Literary source material being an
important part of data collection to study the origin and descent of societies,
it may contain lots of information about that particular society at any given
point of time. Myths were once upon a time dismissed as ferago of legendary
nonsense, nay, an absolute load of rubbish they say. But that attitude has
undergone drastic change now. Today, myths and legends assume literary
perfiguration that help us to arrive at fresh dimensions in human relationship
possibly through a prospective assessment of the digressions, adaptations and
modification of the original myths. In my maiden attempt to resurrect Nambudiri
otherwise called Malayala Brahmin roots from an halieutic perspective,
presumably from what Orientalists and Indologists would call Ardha
Brahmin's halieutic lineage that is found glued to this terminology in
early Sanskrit Classical Dictionaries reveals overwhelming insights.

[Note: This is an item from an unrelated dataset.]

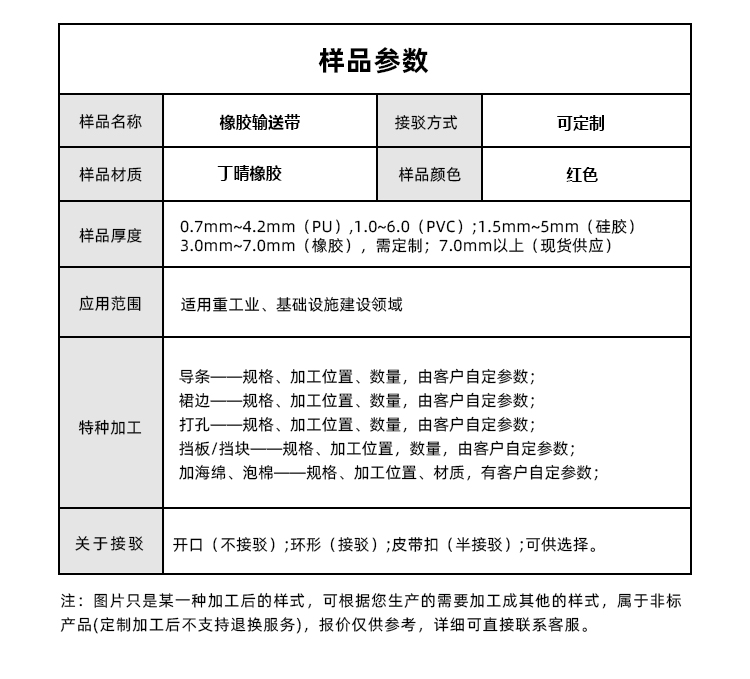 • 產(chǎn)品名稱:橡膠輸送帶加導條耐磨防滑耐溫工業(yè)皮帶

When British Indologists of the stature
of John Garrett (1871), CD Maclean (1893) and Philip Meadows Taylor (1889)
pontificated on this specific term Ardha Brahmins traced to ‘ fishermen
appointed by Parasurama to officiate as priests in temples established by him’

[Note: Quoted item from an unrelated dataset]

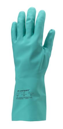 Védőkesztyű mikroorganizmusok elleni védelemel. -anyaga: zöld akrilonitril-pamutbolyhozott belső-sav-, lúg-, olaj-, zsír-, és vegyszerálló-csúszás ellen érdesített tenyér-0,38 mm vastag-hosszúság: 32 cm-CE minősítés-méret: 9/L

, their version can be further witnessed in Francis Day's (1863) and Bombay
University Vice Chancellor John Wilson's (1877) crisp and succinct statements
tracing the etymological or semantic derivative Nambu in the Appellation Nambudiri
to 'paddle used to steer boats'. It is a direct hit at Nambudiri etymology that
confirms in its entirety the concept of halieutic inbuilt in Nambudiri
ancestry. Even for that matter, Malabar Revenue Divisional Officer, William
Logan (Madras 1887) who initially pooh - poohs fishermen involvement and
participation in a Brahmin Chronicle, as a slur on the on the origin of
Nambudiris, albeit with tongue in cheek statement, in his footnote he has had
to admit in quite irrevocable a term that 'in Malabar there are also
indications of some such tradition having been at one time current'. It is a message
loud and clear.
The sudden spurt of fresh literature
proffered by post structural analysts whose very epistemological premise on
Ardha Brahmin interpretation poses a challenge nay, who most vehemently and
vociferously argue that it is more a fiction - like pattern of a story
inherently impossible of belief; little do such of those proponents ever
realise that they in fact echo the tenets of some other post structural
analysts who explored the relationship between language, subjectivity and the
construction of cultural interpretation.